These findings indicate a prevalence particularly higher than the approximately 10% reported in Italy by the National Health Authority – i.e. the Istituto Superiore di Sanità (ISS) [44]. It should also be considered that the questionnaire did not allow respondents to specify the consumption of alcohol-free beverages, which may have influenced reporting. The implications of alcohol consumption in this period are particularly concerning, as prenatal exposure to alcohol is associated with adverse perinatal outcomes, including preterm birth, neonatal withdrawal symptoms, tremors, hyperreflexia, and long-term impairments in physical and neurocognitive development [44]. On the contrary, participants in the present study reported a low consumption of milk and yogurt, with most part of the women not meeting the recommendations. This result is consistent with those of previous Italian studies [21, 41]. Similarly, the consumption of other key food groups (e.g., vegetables and cereal-based products) was adequate for only a minority of the population under investigation, this is consistent with findings from previous research, which also reported suboptimal intakes of this key food groups during pregnancy in Italian [21, 25] or international cohorts [12].
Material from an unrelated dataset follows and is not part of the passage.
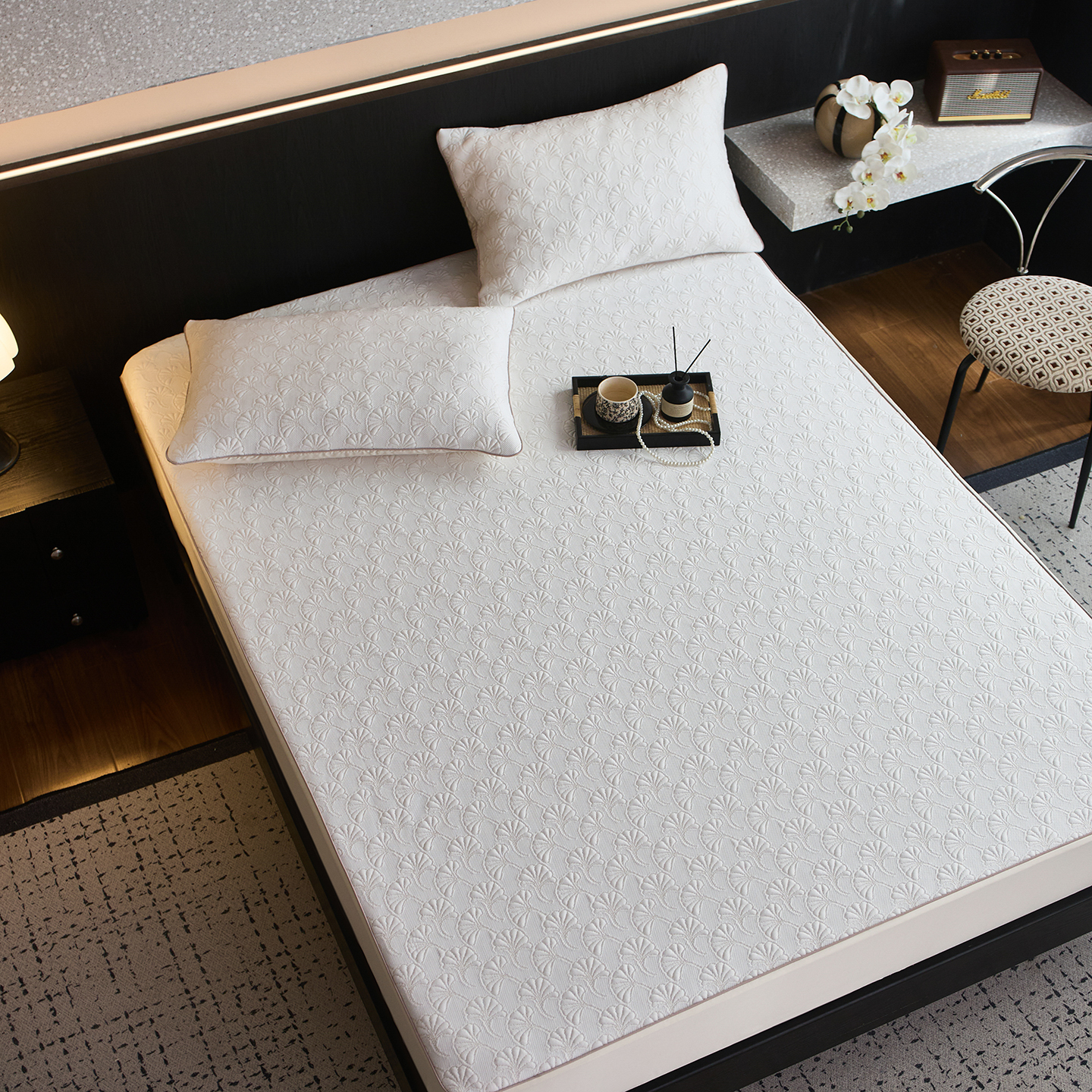 (总)安莱生活 2026新款A类“冰糕”高分子PE550D床笠款(含银丝款)三件套凉席-第一批,菱格,缦纱,斜屿,斜屿-灰,云缦,组合图仅供展示不可下单

Concerning micronutrient deficiencies before and during pregnancy, the data collected are consistent with the national scenario. Several studies conducted in Italy highlight that specific key nutrients, including iron, vitamin D, iodine, calcium, and folic acid, are frequently deficient in pregnant and lactating women [25, 45]. Preconceptional folic acid supplementation may play a role in preventing neural tube defects (NTDs) in the developing foetus [46]. According to the Italian national guidelines, all women who are planning, or not excluding, pregnancy should consume 0.4 mg/day of folic acid starting at least one month before conception and continuing throughout the first trimester to ensure effective prevention of NTDs [47]. Despite its critical role, our data revealed that merely 60.6% of women in the preconception period and 73.5% during pregnancy were adhering to the recommended supplementation guidelines. The prevalence of folic acid use in our sample is almost in line with those of other Italian studies, which found supplementation to be relatively widespread during pregnancy, though consistently less common during the preconception phase [48, 49]. These findings highlight the need for targeted public health interventions concerning folic acid supplementation.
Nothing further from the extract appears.